This could theoretically be used to land vertically, though that hasn’t been
achieved.

------
xtagon
You may be interested in following Tom Stanton on YouTube. He built a radio
controlled SpaceX model a few months ago.[1] It was barely controllable, and
wasn't designed with actual propulsion engines, but still very cool.

As others have been commenting, it's a completely different ballgame if you
want to use propulsion engines and still be able to land it. At that point,
you're just building a smaller version of the real SpaceX rockets, and that
sounds much more difficult (not to discourage anyone from trying!).

[1]
[https://www.youtube.com/watch?v=ZsEBiAahAYM](https://www.youtube.com/watch?v=ZsEBiAahAYM)

------
robertAngst
> Is it practical to create a software-controlled model rocket?

No, but that is what people will tell you about every idea from Facebook to a
pet rock.

If you want to do it, good luck. It will not be easy.

If you want a simple project- Add your arduino, get GPS, accelerometer and a
noise maker. (Edit: if you are really ambitious, get it to communicate live)

See if you can optimize anything. I would guess your goal is to play in
embedded C++ anyway.

------
tlb
The control software is within hobbyist range, if you're prepared to crash a
lot of rockets during testing. But the hardware is hard -- you need a
throttleable engine.

------
mixmax
Copenhagen Suborbitals do thrust vectoring, and if I remember correctly the 4
jetvanes are controlled by an arduino .

The software is written by one guy in his freetime. Pretty amazing feat,
considering how difficult it is, and that he has no way of testing it before
the actual launch. It worked flawlessly the first time.

Here's a video of the Nexø 1 launch that uses the system to control the rocket
on its ascent.

[https://www.youtube.com/watch?v=8iTg55Ktkn4](https://www.youtube.com/watch?v=8iTg55Ktkn4)

This video shows some technical data streamed live from the rocket that gives
a good overview of what the jetvanes are doing. Notice the graphic in the
lower left corner; The H in the middle is the floating launch platform (12x14
meters) and the moving red dot is the position of the rocket in the X-Y plane.
On the whole trip it never moves more than a few meters from the center.
Really impressive stuff...

[https://www.youtube.com/watch?v=Km7-2Ds6_Xs](https://www.youtube.com/watch?v=Km7-2Ds6_Xs)

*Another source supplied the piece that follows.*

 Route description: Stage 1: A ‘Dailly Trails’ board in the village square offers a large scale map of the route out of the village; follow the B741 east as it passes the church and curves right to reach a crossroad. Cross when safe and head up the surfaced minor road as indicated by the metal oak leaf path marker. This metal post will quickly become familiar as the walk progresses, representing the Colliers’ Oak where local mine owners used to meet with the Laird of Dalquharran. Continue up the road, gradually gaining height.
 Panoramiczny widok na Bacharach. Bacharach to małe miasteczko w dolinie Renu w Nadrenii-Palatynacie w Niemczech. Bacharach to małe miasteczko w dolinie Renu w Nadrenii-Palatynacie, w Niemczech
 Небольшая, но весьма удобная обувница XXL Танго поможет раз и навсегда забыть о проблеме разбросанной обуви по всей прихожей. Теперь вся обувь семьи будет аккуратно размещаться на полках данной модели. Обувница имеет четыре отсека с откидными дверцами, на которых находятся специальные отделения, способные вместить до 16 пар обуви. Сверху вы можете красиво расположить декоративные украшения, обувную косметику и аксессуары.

I know it's not exactly what you're asking, but it's close, so I thought it
might have some value.

------
squirrelicus
I can't speak to anything legal, that's its own topic.

But for all the model rockets I've seen, their mass ratios are quite small,
and their motors don't allow for throttling. They blow their load as fast as
they can and then drift down.

Software is not the biggest problem, you need a hobby quality throttling and
gimbaling rocket motor, and I'm not sure if they even exist.

------
kahlonel
Arduino hardware is barely capable of running a simple one-variable PID loop
at a high sampling rate, say 1Khz. A rocket control software will require a
full-blown MIMO model with complex transfer functions. You'll also need high
ports speed; Arduino won't cut it. At the very least you'll need something
like a Cortex-R5.

------
jfoucher
This guy [0] does it with regular solid fuel rocket motors. Since the engines
cannot be throttled, I think he has to try and light them at just the right
moment, which does not seem particularly easy...

[0]
[https://www.youtube.com/watch?v=8_hJ48LCXWs](https://www.youtube.com/watch?v=8_hJ48LCXWs)

------
avmich
If you dig up archives of Armadillo Aerospace - John Carmack's rocket company
- you'll see videos of smallish rockets doing just that. "Smallish" as in "you
can lift one from the ground, fueled, with your hands... perhaps".

------
dqpb
This is a weird question. Model rockets aren't practical. Hobby's aren't
practical. Hobby's are fun, and educational. A software controlled model
rocket would be fun and educational and challenging. You should do it.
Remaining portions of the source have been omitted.